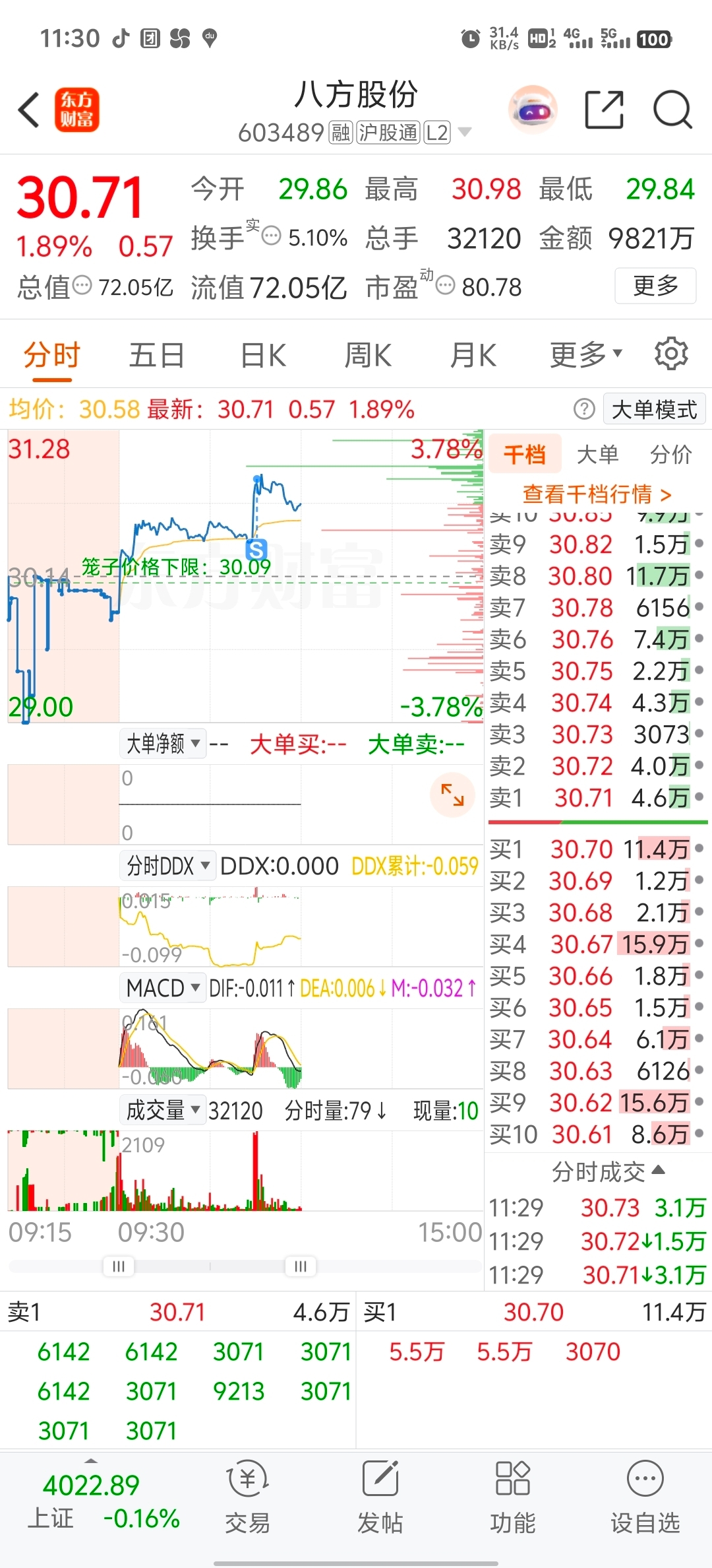 $八方股份(SH603489)$ 你应该不会让我失望吧,这跑的应该刚刚好吧,倒吃几个点。
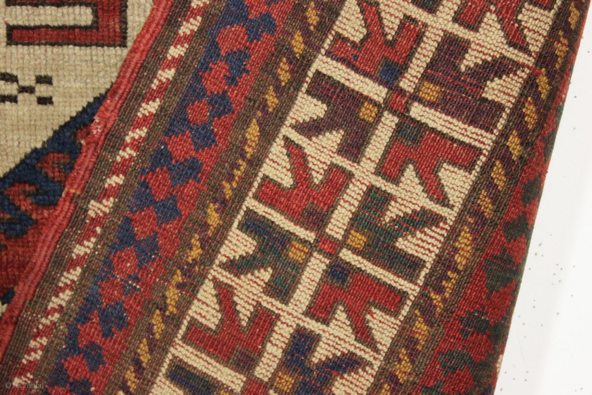 large early lori pombak kazak with crisp drawing and excellent color. "As found", very very dirty with even pile, original selvages, some scattered wear and light corner staining as shown. i don't see any repairs. All natural colors featuring lots of beautiful purples and nice old yellow highlights. a fine candidate for restoration after washing. Good age, 3rd qtr. 19th c. 6'2" x 7'3"
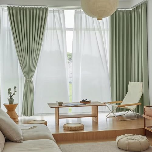YKFNの遮光カーテン2枚組は、1級遮光で200cm丈、幅120cm。断熱・防寒効果があり、おしゃれなデザイン。UVカット、節電対策にも最適で、ミラーレース付きで洗濯可能。アジャスターフックとタッセル付きで、シンプルな北欧スタイルのグリーンです。
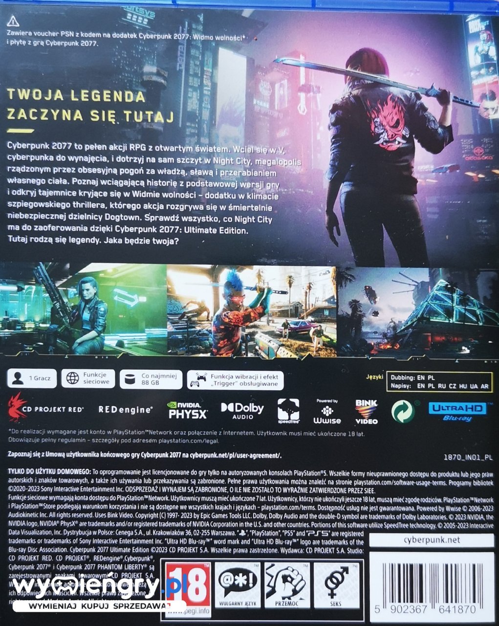 Cyberpunk 2077: Ultimate Edition to kompletne wydanie Cyberpunka 2077, czyli bestsellerowej gry RPG, opracowanej przez polskie studio CD Projekt RED. Zestaw zawiera podstawową wersję tej produkcji, rozszerzenie Cyberpunk 2077: Widmo wolności i wszystkie darmowe dodatki dostępne w momencie premiery pakietu, a także Aktualizację 2.0. Gra podstawowa Cyberpunk 2077 znajduje się na płycie BD, a dodatek Widmo Wolności w formie kodu aktywacyjnego. Cyberpunk 2077 to pełen akcji RPG z otwartym światem. Wciel się w V, cyberpunka do wynajęcia, i dotrzyj na sam szczyt Night City, megalopolis rządzonym przez obsesyjną pogoń za władzą, sławą i przerabianiem własnego ciała. Tutaj rodzą się legendy. Jaka będzie twoja?
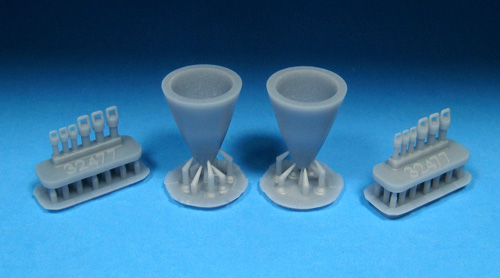 The Aero 1D 300 gallon tanks were widely used, and were carried in this configuration by all variants of the Skyhawk as well as the F4D Skyray. This set consists of a pair of highly accurate and detailed 3D printed droptanks, complete with separate shackles for mounting to pylons. Drop tanks are printed hollow, so they will not weigh down an already large and heavy model. These tanks replace the inaccurate and less detailed tanks found in most 1/32 kits. Master pattern by Kerry Carlyle, with research by Craig Sargent (for Hasegawa and Trumpeter kits)
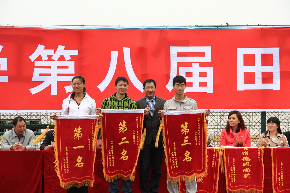 4月12日下午,tyc41183太阳成集团第八届田径运动会经过两天的赛事,完成了所有项目比赛,圆满落下帷幕。学生工作部、各学院负责学生工作的负责人参加了闭幕式。本届运动会裁判长、体育学院教师侯金成主持闭幕式并宣布比赛成绩。 在经过精彩的角逐后,本次运动会有多个项目刷新了我校田径运动会记录,体育学院2010级李欣悦、2011级翟文华双双破女子乙组铅球校记录;体育学院2010级陈林破男子乙组铅球校记录。甲组中的建筑与土木工程学院以346的高分勇夺团体积分榜桂冠,刷新了名次排行;应用技术学院排名第二;电气信息学院获第三名;交通与汽车工程学院、管理学院、能源与环境学院、材料科学与工程学院、艺术学院紧随其后。乙组中实力也难分伯仲,最终体育学院体育教育2010级2班夺得第一,体育教育2011级1班排名其次,体育教育2011级2班获第三。 大会还颁发了本届运动会体育道德风尚奖,后备军官学院、建筑与土木工程学院、管理学院、能源与环境学院、艺术学院、人文学院、经济与贸易学院、体育学院获此殊荣。在欢快的音乐声中,与会领导分别为获奖团体颁奖。 教职工第八届运动会团体总分前三名分别是:机关一、应用技术学院、后勤服务总公司。 两天的比赛时间里,各项赛事开展得井井有条、激烈精彩,整个运动场活力四射,激情洋溢,充分展现出了tyc41183太阳成集团师生奋发向上、吃苦耐劳、顽强拼搏、团结互助的精神风貌。
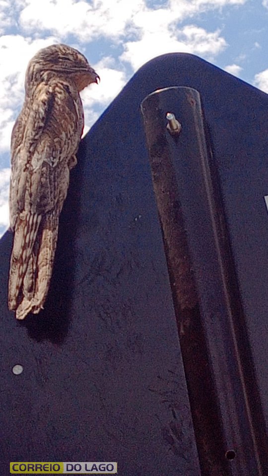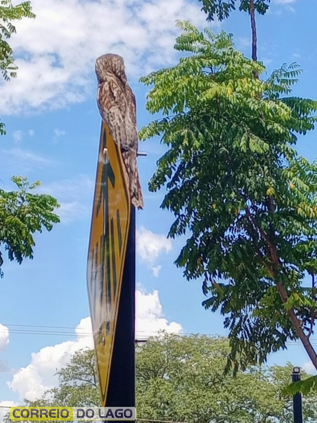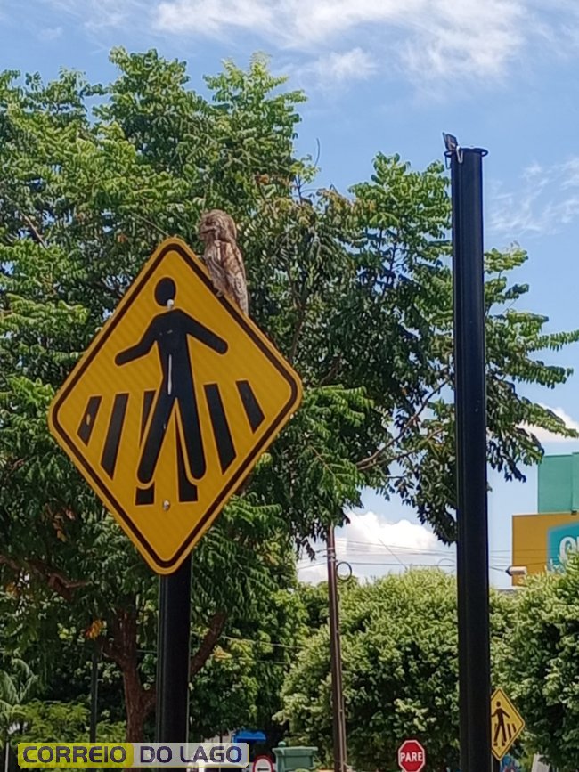 No início da tarde desta quarta-feira (28), uma cena curiosa chamou a atenção de quem passava pela Praça do Colono, em Santa Helena. Uma leitora do Correio do Lago compartilhou imagens de um urutau pousado calmamente sobre uma placa de sinalização, em pleno espaço urbano. Inicialmente confundido com uma coruja, o animal permaneceu imóvel por alguns minutos, observando o movimento ao redor sem se incomodar com a presença das pessoas.
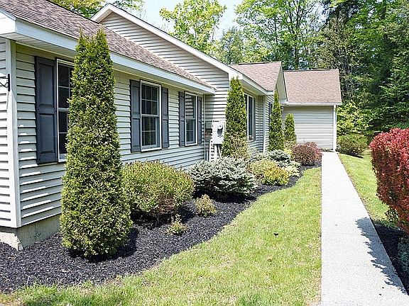 One of Rutland's hidden secrets and this is a bargain at this price! This is such a unique opportunity that it may be years before another property like this comes on the market. The minute you get out of your vehicle you hear the nearby waterfall, nature singing and a sense of peace and quiet comes over you. To find an immaculate ranch built in 2007, constructed with opulent materials, and having an incredible open floor plan, is not always easy to find. This amazing home offers a primary bedroom w. large bathroom on one wing of the house while on the other side you will find two additional bedrooms(one w. Murphy bed which conveys) along with a full bathroom. The custom kitchen has everything the chef of the family could ever desire. The large central dining room can accommodate large gatherings and has glass doors that lead to your rear deck, offering extreme privacy. The formal living room w. gas fireplace offers beautiful wood floors, an abundance of windows and just an overall feeling of comfort. The lower level offers easy access and has a 20x26 family/office room w. gas fireplace, half bathroom, and walks directly out to the rear yard. There is also a large utility room that offers plenty of storage along w. modern mechanicals. The HOA fee is $1,125/quarterly and covers lawn care, trimming, mulching, garbage, plowing/shoveling of driveway and sidewalks, along w. use of community pool and tennis court. Pet restrictions! Living just got easier!

================================

_What the task requires_
Please set down every line of the listing verbatim, excluding its pictures.

_Answer space_
 $八方股份(SH603489)$ 你应该不会让我失望吧,这跑的应该刚刚好吧,倒吃几个点。
 large early lori pombak kazak with crisp drawing and excellent color. "As found", very very dirty with even pile, original selvages, some scattered wear and light corner staining as shown. i don't see any repairs. All natural colors featuring lots of beautiful purples and nice old yellow highlights. a fine candidate for restoration after washing. Good age, 3rd qtr. 19th c. 6'2" x 7'3"
YKFNの遮光カーテン2枚組は、1級遮光で200cm丈、幅120cm。断熱・防寒効果があり、おしゃれなデザイン。UVカット、節電対策にも最適で、ミラーレース付きで洗濯可能。アジャスターフックとタッセル付きで、シンプルな北欧スタイルのグリーンです。
 Cyberpunk 2077: Ultimate Edition to kompletne wydanie Cyberpunka 2077, czyli bestsellerowej gry RPG, opracowanej przez polskie studio CD Projekt RED. Zestaw zawiera podstawową wersję tej produkcji, rozszerzenie Cyberpunk 2077: Widmo wolności i wszystkie darmowe dodatki dostępne w momencie premiery pakietu, a także Aktualizację 2.0. Gra podstawowa Cyberpunk 2077 znajduje się na płycie BD, a dodatek Widmo Wolności w formie kodu aktywacyjnego. Cyberpunk 2077 to pełen akcji RPG z otwartym światem. Wciel się w V, cyberpunka do wynajęcia, i dotrzyj na sam szczyt Night City, megalopolis rządzonym przez obsesyjną pogoń za władzą, sławą i przerabianiem własnego ciała. Tutaj rodzą się legendy. Jaka będzie twoja?
 The Aero 1D 300 gallon tanks were widely used, and were carried in this configuration by all variants of the Skyhawk as well as the F4D Skyray. This set consists of a pair of highly accurate and detailed 3D printed droptanks, complete with separate shackles for mounting to pylons. Drop tanks are printed hollow, so they will not weigh down an already large and heavy model. These tanks replace the inaccurate and less detailed tanks found in most 1/32 kits. Master pattern by Kerry Carlyle, with research by Craig Sargent (for Hasegawa and Trumpeter kits)
 4月12日下午,tyc41183太阳成集团第八届田径运动会经过两天的赛事,完成了所有项目比赛,圆满落下帷幕。学生工作部、各学院负责学生工作的负责人参加了闭幕式。本届运动会裁判长、体育学院教师侯金成主持闭幕式并宣布比赛成绩。 在经过精彩的角逐后,本次运动会有多个项目刷新了我校田径运动会记录,体育学院2010级李欣悦、2011级翟文华双双破女子乙组铅球校记录;体育学院2010级陈林破男子乙组铅球校记录。甲组中的建筑与土木工程学院以346的高分勇夺团体积分榜桂冠,刷新了名次排行;应用技术学院排名第二;电气信息学院获第三名;交通与汽车工程学院、管理学院、能源与环境学院、材料科学与工程学院、艺术学院紧随其后。乙组中实力也难分伯仲,最终体育学院体育教育2010级2班夺得第一,体育教育2011级1班排名其次,体育教育2011级2班获第三。 大会还颁发了本届运动会体育道德风尚奖,后备军官学院、建筑与土木工程学院、管理学院、能源与环境学院、艺术学院、人文学院、经济与贸易学院、体育学院获此殊荣。在欢快的音乐声中,与会领导分别为获奖团体颁奖。 教职工第八届运动会团体总分前三名分别是:机关一、应用技术学院、后勤服务总公司。 两天的比赛时间里,各项赛事开展得井井有条、激烈精彩,整个运动场活力四射,激情洋溢,充分展现出了tyc41183太阳成集团师生奋发向上、吃苦耐劳、顽强拼搏、团结互助的精神风貌。
 No início da tarde desta quarta-feira (28), uma cena curiosa chamou a atenção de quem passava pela Praça do Colono, em Santa Helena. Uma leitora do Correio do Lago compartilhou imagens de um urutau pousado calmamente sobre uma placa de sinalização, em pleno espaço urbano. Inicialmente confundido com uma coruja, o animal permaneceu imóvel por alguns minutos, observando o movimento ao redor sem se incomodar com a presença das pessoas.
 One of Rutland's hidden secrets and this is a bargain at this price! This is such a unique opportunity that it may be years before another property like this comes on the market. The minute you get out of your vehicle you hear the nearby waterfall, nature singing and a sense of peace and quiet comes over you. To find an immaculate ranch built in 2007, constructed with opulent materials, and having an incredible open floor plan, is not always easy to find. This amazing home offers a primary bedroom w. large bathroom on one wing of the house while on the other side you will find two additional bedrooms(one w. Murphy bed which conveys) along with a full bathroom. The custom kitchen has everything the chef of the family could ever desire. The large central dining room can accommodate large gatherings and has glass doors that lead to your rear deck, offering extreme privacy. The formal living room w. gas fireplace offers beautiful wood floors, an abundance of windows and just an overall feeling of comfort. The lower level offers easy access and has a 20x26 family/office room w. gas fireplace, half bathroom, and walks directly out to the rear yard. There is also a large utility room that offers plenty of storage along w. modern mechanicals. The HOA fee is $1,125/quarterly and covers lawn care, trimming, mulching, garbage, plowing/shoveling of driveway and sidewalks, along w. use of community pool and tennis court. Pet restrictions! Living just got easier!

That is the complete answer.